Confusion reigns in the US markets. Bonds had their worst year in over a decade, and stocks closed out the year in bear market territory after being positive most of the year, down approximately 6% for the full year and 11% in December alone. 2019 has started more positively, with a small bounce from last year. Investors really don’t know where to turn, with increased volatility and violent price swings.
Sometimes in periods of uncertainty, it’s best to maintain the status quo and do as little as possible. Sure, from a short term perspective selling at market peaks last year looks good with 20/20 hindsight, but the reality is no one times the market well consistently, and over time stocks forge to new heights. Add in tax consequences, and having a portfolio allocation well-suited for long term goals and maintaining discipline, with small adjustments and rebalancings along the way, makes the most sense.
We are undoubtedly late in this bull market that began in 2009. It may already be over. But there remains a litany of good news out there.
- The economy is growing at a healthy clip.
- Corporate earnings are at an all-time high.
- Unemployment and inflation remain at or near multi-decade lows.
- Government is very business friendly.
- Corporate tax rates are at multi-decade lows.
- P/E multiples are back down close to historical norms, thanks to Trump tax cuts.

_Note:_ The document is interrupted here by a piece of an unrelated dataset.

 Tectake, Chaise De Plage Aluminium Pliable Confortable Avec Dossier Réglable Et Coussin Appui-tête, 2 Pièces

And yet. The markets face headwinds.
Interest rates and inflation seem to have little room to go down, and lots of room to go up.
Investors forget that the S&P 500 operating earnings were at $88 in 2007, and plummeted to $44 in 2008. When margins and earning are at all-time highs, a recession can take a big bite out of earnings, making P/E multiples vis a vis current earnings look much less attractive or even unattractive. And modern-day investors focus on operating earnings, not GAAP earnings. If GAAP earnings or a normalized stream of earnings such as the Shiller Model were used instead, P/E multiples would look much higher.

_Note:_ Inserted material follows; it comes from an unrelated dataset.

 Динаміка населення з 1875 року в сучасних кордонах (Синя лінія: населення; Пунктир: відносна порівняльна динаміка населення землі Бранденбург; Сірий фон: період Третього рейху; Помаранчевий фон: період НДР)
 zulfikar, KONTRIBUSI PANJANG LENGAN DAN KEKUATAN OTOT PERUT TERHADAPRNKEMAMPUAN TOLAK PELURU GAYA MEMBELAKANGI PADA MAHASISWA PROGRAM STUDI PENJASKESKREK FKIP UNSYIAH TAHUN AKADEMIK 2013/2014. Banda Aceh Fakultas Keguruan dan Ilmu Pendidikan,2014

The trade war with China is hurting not just the US and China, but every country in the world. I must admit mixed emotions at the trade war. The near term effect is negative, but it’s refreshing to see the US finally call Communist China on the carpet for their cheating, lies, still partially closed markets, laws and regulations that are frequently changed on a whim, and intellectual property theft. China neither participates in free or fair trade, and it has to be brought to account and change. And the only thing China’s politburo understands is force and power – without playing hardball, nothing will change.
The government shutdown undermines confidence and is a friction cost working against economic growth.

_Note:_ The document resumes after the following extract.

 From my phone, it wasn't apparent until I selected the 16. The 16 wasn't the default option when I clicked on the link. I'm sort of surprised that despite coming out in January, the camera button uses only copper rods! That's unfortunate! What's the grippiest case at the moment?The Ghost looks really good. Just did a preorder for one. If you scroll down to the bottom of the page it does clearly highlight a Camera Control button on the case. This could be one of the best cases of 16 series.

A long term, prudent, unemotional investor is what we all aspire to be, if we’re thinking clearly. The prudent investor currently should be sitting on his/her hands and watching developments closely. If stocks resume their 2018 descent in a meaningful way, investors should gingerly add to stocks. And if stocks explore their 2018 heights, it would probably be advisable to trim positions, while maintaining a generally consistent investment allocation and posture.
Hopefully, we’ll see a positive 2019 in stocks and bonds. But the intelligent investor should be balanced and positioned well regardless of which way the world turns, to where losses are mitigated if the market heads south for the winter again, and meaningful gains are claimed if the market moves back up.